Dataset extract →
==========

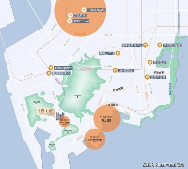 金众.云山海 坐落于深圳市南山区蛇口招商街道赤湾六路与港航路(郑和一路) 交汇处,项目共两个地块(宗地号K104-0043、K104-0044),总用地面积约3.6万㎡,规划总建筑面积约19.5万㎡,其中计规定建筑面积约19万㎡,包括住宅、商业(800㎡)和幼儿园等配套用房。
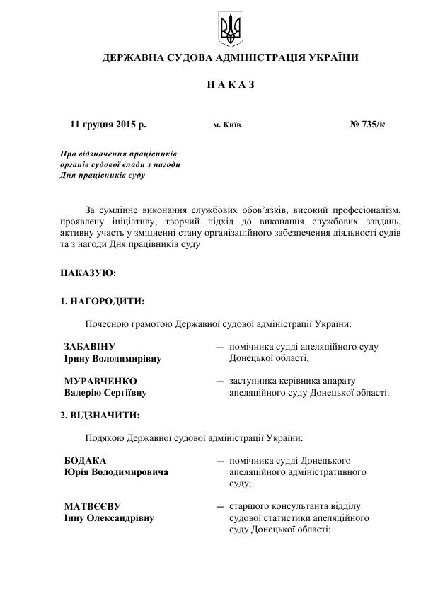 Наказ від 11 грудня 2015 року №735/к “Про відзначення працівників органів судової влади з нагоди Дня працівників суду”
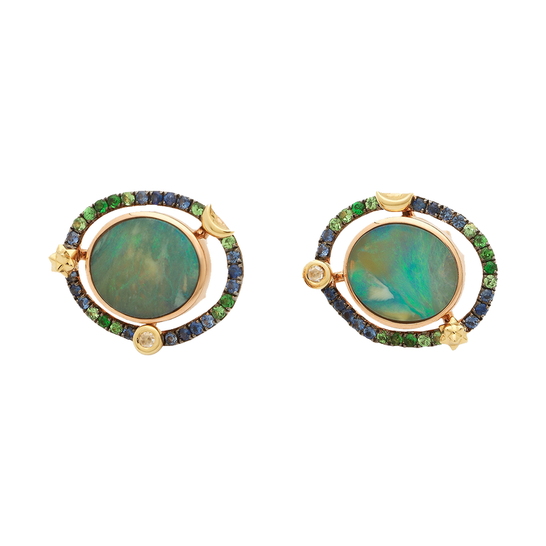 Two deliberately mismatching opals , with the opals' swirling surfaces resembling a galaxy's depths. Designed in 18K rose gold, the earrings are encircled by rings embellished with blue sapphires and green Tsavorites.

==========

Problem to solve → Repeat the listing verbatim, pictures excluded.

Task solution →
 金众.云山海 坐落于深圳市南山区蛇口招商街道赤湾六路与港航路(郑和一路) 交汇处,项目共两个地块(宗地号K104-0043、K104-0044),总用地面积约3.6万㎡,规划总建筑面积约19.5万㎡,其中计规定建筑面积约19万㎡,包括住宅、商业(800㎡)和幼儿园等配套用房。
 Наказ від 11 грудня 2015 року №735/к “Про відзначення працівників органів судової влади з нагоди Дня працівників суду”
 Two deliberately mismatching opals , with the opals' swirling surfaces resembling a galaxy's depths. Designed in 18K rose gold, the earrings are encircled by rings embellished with blue sapphires and green Tsavorites.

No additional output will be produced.